Dementia: Could garlic be the answer?

Researchers recently identified stark differences in levels of specific gut bacteria in people with dementia. A new study links changes in gut bacteria to dementia.

dimentiaOur bodies swarm with microscopic visitors. On our skin, in our mouths, deep in our lungs, and, of course, nestled in our digestive systems. The bacteria in the gut have long been known to assist the digestive process, but in recent years, it has become clear that they are involved in much, much more.

With bacteria now implicated in conditions as diverse as diabetes and schizophrenia, we truly are in the age of the microbiome. Recently, researchers in Japan investigated whether gut bacteria might, one day, help in the diagnosis and even treatment of dementia.

Dr. Naoki Saji, from the Center for Comprehensive Care and Research on Memory Disorders at the National Center for Geriatrics and Gerontology in Obu, Japan, led a team of scientists who found lower levels of the genus Bacteroides, which are considered “good” bacteria in patients with dimentia. Bacteroides break down toxic plant material into sugars that the human body can use. Individuals with dementia were also shown to have higher levels of the genus Ruminococcus than those without dementia.
“Although this is an observational study and we assessed a small number of patients, the odds ratio is certainly high, suggesting that gut bacteria may be a target for the prevention of dementia.” This study is not the first to link changes in gut bacteria to dementia, but scientists are still debating exactly how gut bacteria influence the brain.

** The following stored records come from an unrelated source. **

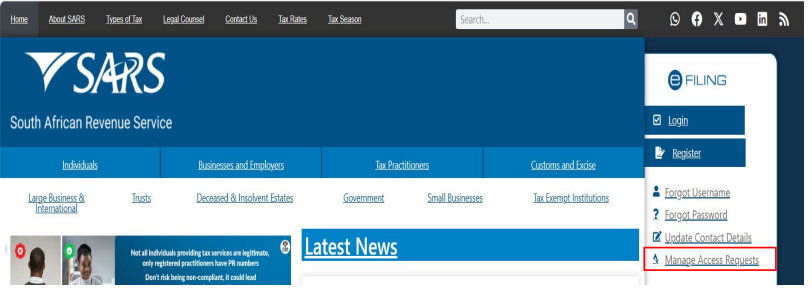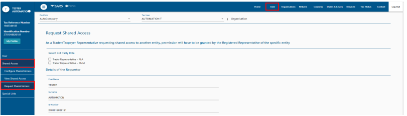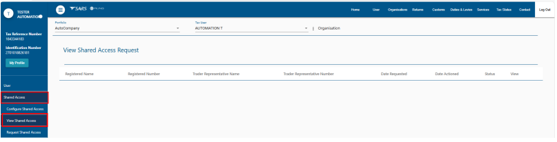 A trader representative who is mandated by a Customs and Excise client can submit a request for shared access through eFiling (refer to Request shared Access paragraph below).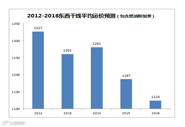 亚欧航线、南美航线都创下的历史新低,10月下旬的SCFI综合运价指数同比下滑45%,与2009年国际金融危机时的1000点相比,几乎腰斩。德鲁里报告显示,2015年东西航线加权平均运价(包括燃油附加费)将比2014年下滑7.3%,2016年将再下跌5.3%。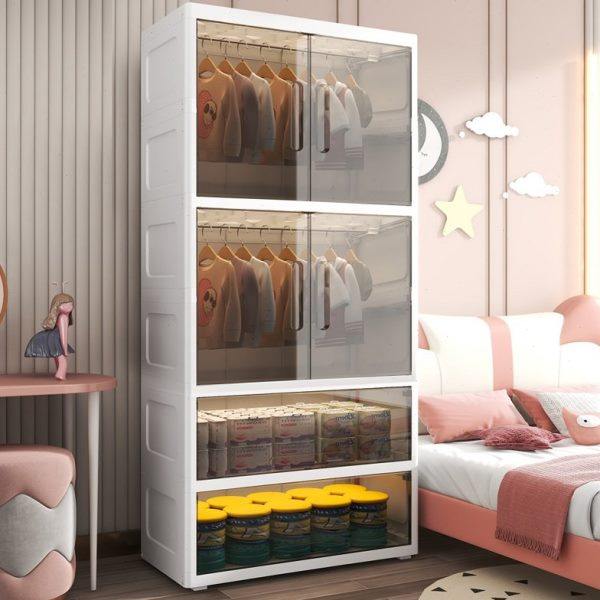 加厚挂衣式收纳柜家用塑料可折叠卧室儿童衣柜分层宝宝衣服储物柜

According to a recent study, consuming garlic helps counteract age-related changes in gut bacteria associated with memory problems. The benefit comes from allyl sulfide, a compound in garlic known for its health benefits.

The gut contains trillions of microorganisms collectively referred to as gut microbiota. Although many studies have shown the importance of these microorganisms in maintaining human health, less is known about health effects linked to gut microbiota changes that come with age.
“Our findings suggest that dietary administration of garlic containing allyl sulfide could help maintain healthy gut microorganisms and improve cognitive health in the elderly,” said Jyotirmaya Behera, PhD, who lead the research team with Neetu Tyagi, PhD, both from University of Louisville.

“The diversity of the gut microbiota is diminished in elderly people, a life stage when neurodegenerative diseases such as Alzheimer’s and Parkinson’s develop and memory and cognitive abilities can decline,” said Tyagi. “We want to better understand how changes in the gut microbiota relate to aging-associated cognitive decline.”

garlicFor the study, the researchers gave oral allyl sulfide to mice that were 24 months old, which correlates to people between 56 and 69 years of age. They compared these mice with 4- and 24-month-old mice not receiving the dietary allyl sulfide supplement. The researchers observed that the older mice receiving the garlic compound showed better long- and short-term memory and healthier gut bacteria than the older mice that didn’t receive the treatment. Spatial memory was also impaired in the 24-month-old mice not receiving allyl sulfide.

The researchers found that mice receiving the garlic compound exhibited higher levels of neuronal-derived natriuretic factor (NDNF) gene expression. In addition, recombinant-NDNF protein therapy in the brain restored the cognitive abilities of the older mice that did not receive the garlic compound. The researchers also found that oral allyl sulfide administration produces hydrogen sulfide gas — a messenger molecule that prevents intestinal inflammation — in the gut.

Overall, the new findings suggest that dietary allyl sulfide promotes memory consolidation by restoring gut bacteria. The researchers are continuing to conduct experiments aimed at better understanding the relationship between the gut microbiota and cognitive decline and are examining how garlic might be used as a treatment in the aging human population.